Consequently, when you play the game you will blunder your way through missions, sometimes achieving quick success, sometimes achieving quick failure. Worst of all, sometimes you will achieve nothing at all. Each mission, which is composed of a single map and military action point, provides you with a specific number of units for disposal. If all your anti-air planes get shot down, then don’t expect to make more. If you fire off too many rounds (you can decide how trigger happy each individual unit is) and you burn through all your ammo before completing your objective, you will be stuck endlessly circling enemy naval units, powerless to complete your objective.
This makes the game seem difficult, but the reality is that if you do everything correctly you will breeze through every challenge. The realization then that there is a set, specific path to choose, or a particular sequence of events that need to take place in order to win each map basically means that there’s little actual strategy involved. You either did it right and you moved on, or you did it wrong and started over. As an example, the mission where you are tasked with protecting the fishing trawlers, your first step should be to move them out of harm’s way. Failing to do that inevitably results in a submarine ambush which there seems to be no way to prevent, again apart from moving the ships. That isn’t really naval warfare, where you can adapt and adjust tactics to overcome the enemy or recover from a loss.
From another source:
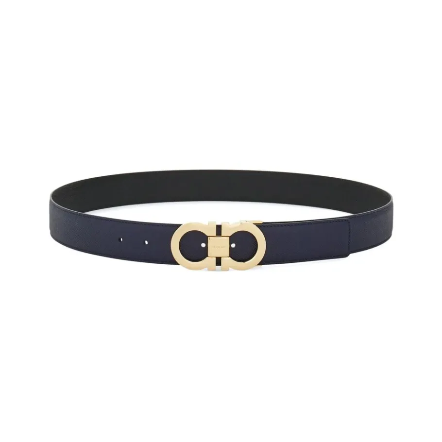 Verrijk uw stijl met deze omkeerbare Ferragamo riem, vervaardigd uit premium blauw en zwart kalfsleer. De opvallende Gancini-gesp geeft een verfijnde touch aan elke outfit. Belangrijkste kenmerken: Blauw | Zwart | Kalfsleer | Verstelbare pasvorm | Geponste gaten | Gancini-gesp | Pin sluiting | Goudkleurige hardware | Afmetingen en pasvorm: Verstelbare pasvorm | Samenstelling en onderhoud: Kalfsleer | Reinig met een zachte doek.

That’s more like Minesweeper, where if you make the wrong clicks in the wrong order, you start over again.
No doubt if you are a military buff, the names and numbers of everything on the right side of the screen will have a great deal of meaning for you and might even stir some excitement, but chances are you won’t recognize any elite piece of hardware taking off from the flight deck of one of your battleships. That’s a shame, because it seems like it could have been a genuinely exciting aspect of the game. In fact, there are many points here that seem like they could have been genuinely exciting. The problem is that the game forces you to bring too much specialized knowledge to the table to find any of that real enjoyment.
Final Score: D+
Compared to:
Hasbro Family Game Night’s Battleship: Battleship has all the same basic premises as Naval Warfare: stealth, detection, strategy. A game of Battleship can last as long as a mission in Naval Warfare. The flaw in Naval Warfare is that there’s no way to recover once you are down, where similarly in Battleship once your opponent has a hit on one of your ships, your only recourse is psychological warfare. What gives Battleship the edge is that when you lose there, you’ll know you shouldn’t have put all your ships together in the middle, whereas if you lose at Naval Warfare, you won’t necessarily know why or what it is that you could have done better. And the graphics in Battleship are more impressive.
Harold and Kumar go to White Castle’s Battleshi(p)s: Much like Naval Warfare, a rousing game of Battleshi(p)s does not have any clear rules that outside observers can understand. While it might have made sense to some, stepping into the middle of either of those games is really much more foul than entertaining. Although eating cheap tacos is a more palatable entry fee than the $5 it will cost to purchase Naval Warfare, you’ll certainly get more out of Naval Warfare in the end. Unless you find some really, really cheap tacos. Possibly from a neighborhood where there are no stray cats.